Online multichannel speech enhancement combining statistical signal processing and deep neural networks
Metadatos
Afficher la notice complèteAuteur
Martín Doñas, Juan M.Editorial
Universidad de Granada
Departamento
Universidad de Granada.; Universidad de Granada. Programa de Doctorado en Tecnologías de la Información y la ComunicaciónMateria
Online Multichannel Statistical signal Deep neural networks
Date
2021Fecha lectura
2021-01-25Referencia bibliográfica
Martín Doñas, Juan Manuel. Online multichannel speech enhancement combining statistical signal processing and deep neural networks. Granada: Universidad de Granada, 2021. [http://hdl.handle.net/10481/66402]
Patrocinador
Tesis Univ. Granada.Résumé
Speech-related applications on mobile devices require high-performance speech enhancement
algorithms to tackle challenging real-world noisy environments. These speech processing
techniques have to ensure good noise reduction capabilities with low speech distortion, thus
improving the perceptual speech quality and intelligibility of the enhanced speech signal. In
addition, current mobile devices often embed several microphones, allowing them to exploit
the spatial information during the enhancement procedure. On the other hand, low latency
and efficiency are requirements for extensive use of these technologies. Among the different
speech processing paradigms, statistical signal processing offers limited performance under
non-stationary noisy environments, while deep neural networks can lack generalization under
real conditions.
The main goal of this Thesis is the development of online multichannel speech enhancement
algorithms for speech services in mobile devices. The proposed techniques use
multichannel signal processing to increase the noise reduction performance without degrading
the quality of the speech signal. Moreover, deep neural networks are applied in specific
parts of the algorithm where modeling by classical methods would be, otherwise, difficult
or very limited. This allows for the use of more capable deep learning methods in real-time
online processing algorithms. Our contributions focus on different noisy environments where
these mobile speech technologies can be applied.

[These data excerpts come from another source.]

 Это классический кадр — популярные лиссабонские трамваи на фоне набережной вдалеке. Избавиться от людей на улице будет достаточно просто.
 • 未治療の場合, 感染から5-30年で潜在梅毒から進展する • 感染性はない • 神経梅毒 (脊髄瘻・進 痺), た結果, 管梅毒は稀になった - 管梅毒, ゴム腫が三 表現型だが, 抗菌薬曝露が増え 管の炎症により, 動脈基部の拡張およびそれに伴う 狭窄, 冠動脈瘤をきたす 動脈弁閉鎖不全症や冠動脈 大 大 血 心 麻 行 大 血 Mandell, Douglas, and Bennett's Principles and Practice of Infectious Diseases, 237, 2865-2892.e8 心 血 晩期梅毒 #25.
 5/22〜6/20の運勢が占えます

First, we develop a speech enhancement algorithm suitable for dual-microphone smartphones
used in noisy and reverberant environments. The noisy speech signal is processed
using a beamforming-plus-postfiltering strategy that exploits the dual-channel properties of
the clean speech and noise signals to obtain more accurate acoustic parameters. Thus, the
temporal variability of the relative transfer functions between acoustic channels is tracked
by using an extended Kalman filter framework. Noise statistics are obtained by means
of a recursive procedure using the speech presence probability. This speech presence is
estimated through either statistical spatial models or deep neural network mask estimators,
both exploiting dual-channel features from the noisy speech signal.

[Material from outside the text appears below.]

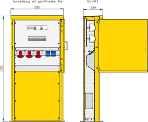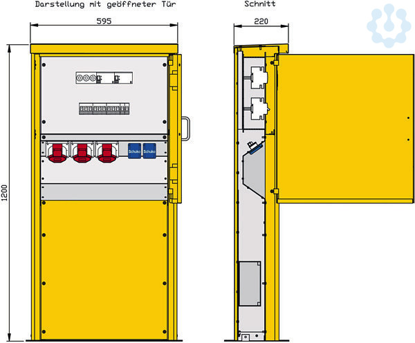 Anschluss der Versorgungsleitungen Tür mit Griff und Kugelschnapper Kabelausführung bei geschlossener Tür möglich Schutzart: IP44 Größe ca.: 1200 x 595 x 220mm / H-B-T
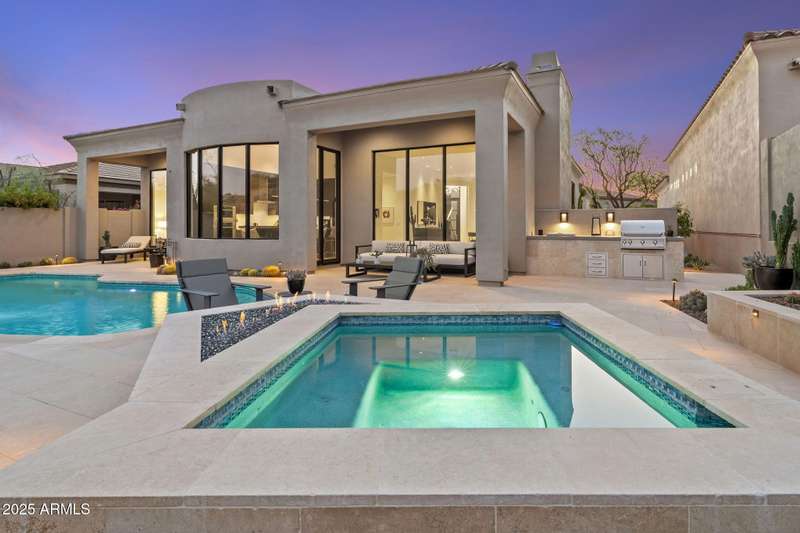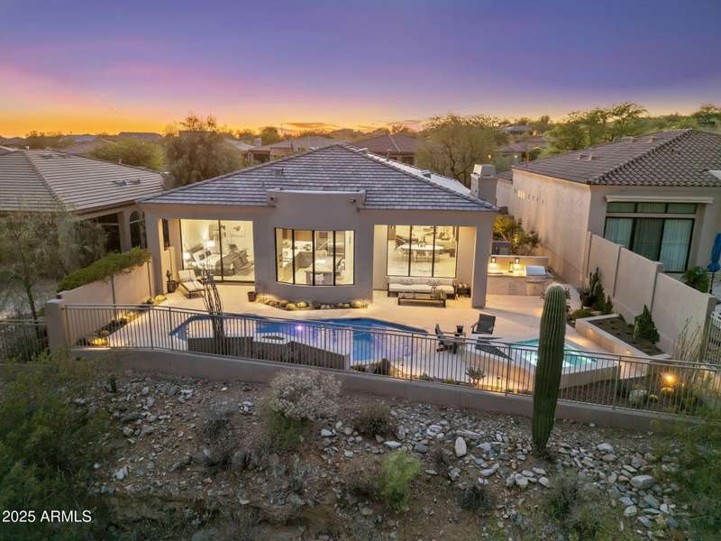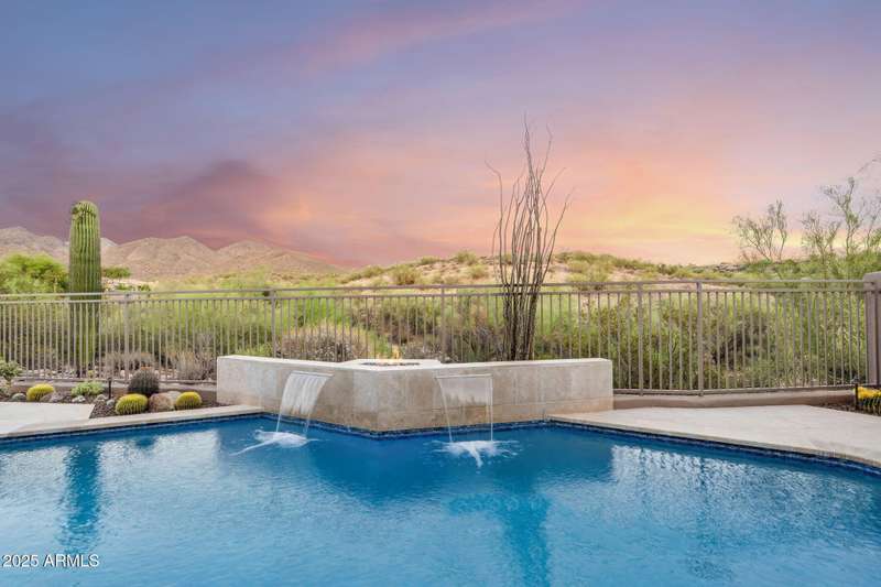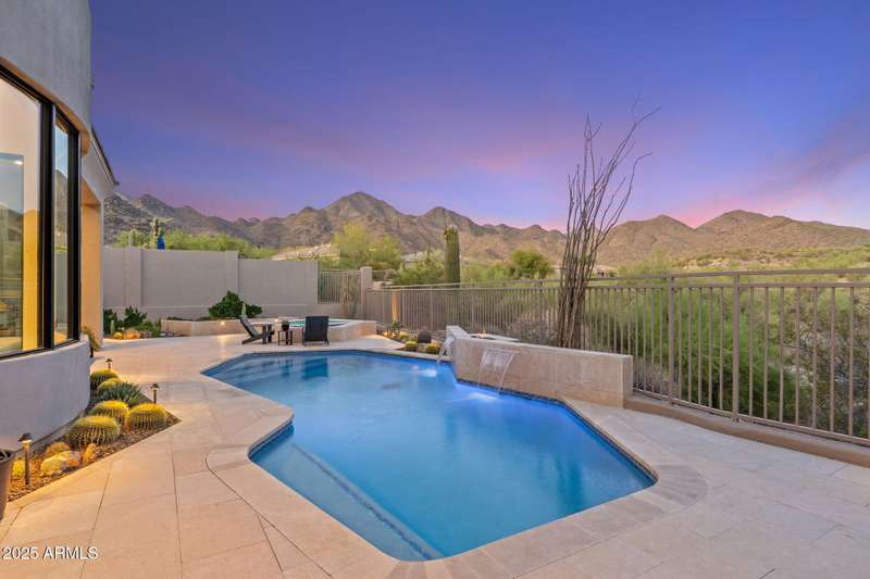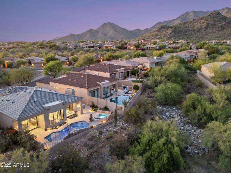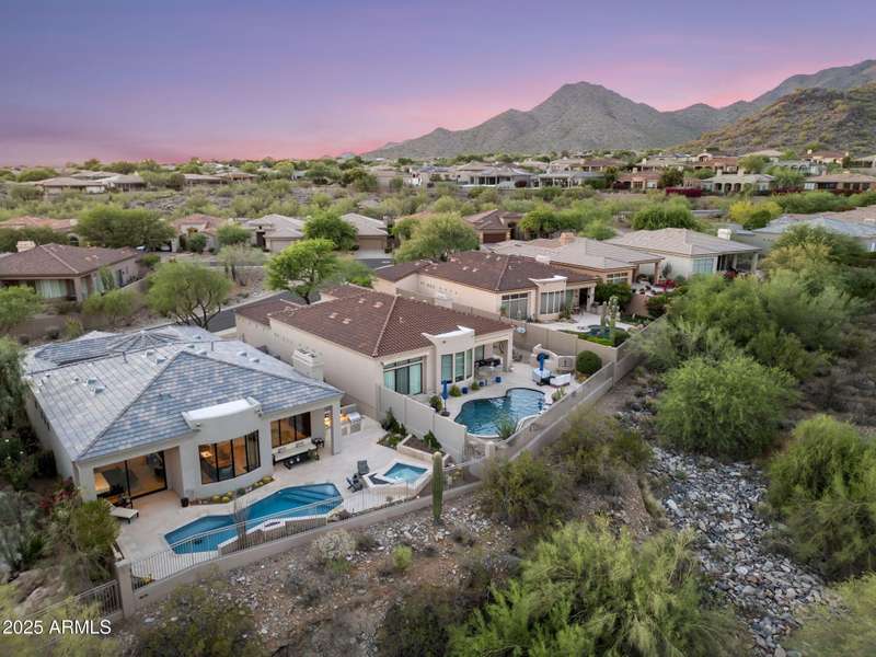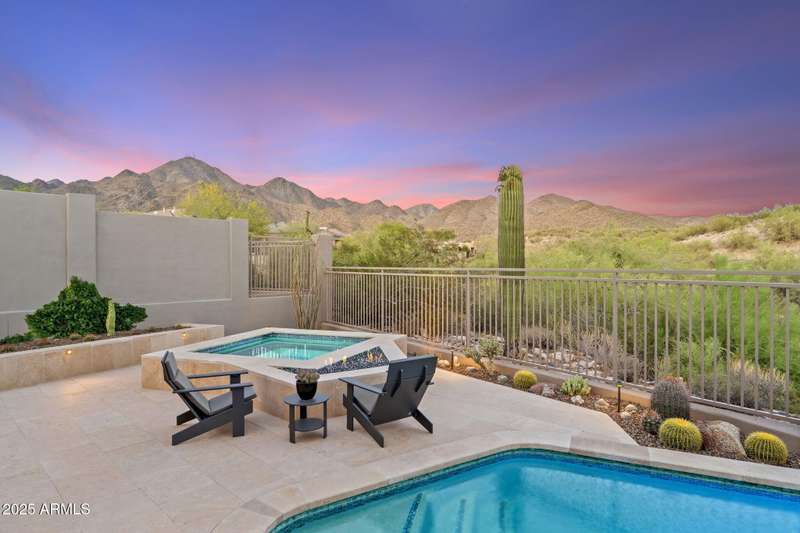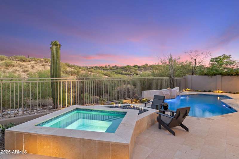 Experience this spectacular remodel in guard-gated 100 Hills at McDowell Mountain Ranch, where striking style meets modern luxury. A contemporary pivot door sets the tone at entry, leading into a private retreat framed by breathtaking city light and mountain views—perfect for poolside entertaining. The expansive 3-bed + den, 3.5-bath layout includes a guest casita, chef's kitchen, spa-like primary bath, built-ins, and hardwood flooring throughout. Highlights: Savant smart shading/lighting, new LED lighting, & Western windows throughout. New roof, driveway, garage floors, landscape irrigation, and Pentair pool/spa system. Enjoy a 72'' stone fireplace indoors, and firepit, kitchen w/ Artisan grill, cooler, drawers, and oversized island outdoors. All designed for ultimate AZ living. Nestled within the picturesque McDowell Mountain Ranch, One Hundred Hills is a prestigious 24-hour guard-gated community offering a mix of semi-custom and custom homes. Residents enjoy breathtaking mountain and city light views in an enclave defined by luxury, privacy, and elegance. Developed by Geoffrey H. Edmunds (now Toll Brothers, Inc.), the community consists of 216 homes across three distinct neighborhoods: The Villas, The Terraces, and The Retreat. Homes are thoughtfully grouped by size and price. The Retreat, with just 111 homes, including several custom lots, offers a tranquil and private setting ideal for discerning homeowners. Exclusive amenities for residents include a heated pool, spa, ramada, and tennis courts. In addition to all the amenities behind the gates of One Hundred Hills, residents can also enjoy everything MMR has to offer! Award-winning McDowell Mountain Ranch is a premier master-planned community located in North Scottsdale. Situated at the foothills of the McDowell Mountains, enjoy the beautiful desert serenity yet also have all the conveniences of living "in-town" just outside the neighborhood. The 101 Freeway is 5 minutes away, as well as restaurants, shopping, groceries, and so much more! This friendly neighborhood features 2 heated community pools/spas, playgrounds, basketball courts, tennis courts, and one of the best Pickleball leagues in town! The HOA hosts several events throughout the year for everyone to enjoy and connect with neighbors. Numerous trails, both paved & unpaved, that meander throughout the community. McDowell Mountain Golf Club, designed by Phil Mickelson, with the clubhouse & restaurant, is a 2-minute drive and is open to the public. The City of Scottsdale Aquatic Center w/Lazy River & Library is close by, in addition to miles and miles of hiking, biking & equestrian trails at the landmark Gateway to the McDowell Sonoran Preserve trailhead.

Then, we propose a recursive expectation-maximization framework for online multichannel
speech enhancement. The goal is the joint estimation of the clean speech statistics and the acoustic model parameters in order to increase robustness under non-stationary
conditions. The noisy speech signal is first processed using a beamformer followed by a
Kalman postfilter, which exploits the temporal correlations of the speech magnitude. The
speech presence probability is then obtained using a deep neural network mask estimator,
and its estimates are further refined through statistical spatial models defined for the noisy
speech and noise signals. The resulting clean speech and speech presence estimates are
then employed for maximum-likelihood estimation of beamformer and postfilter parameters.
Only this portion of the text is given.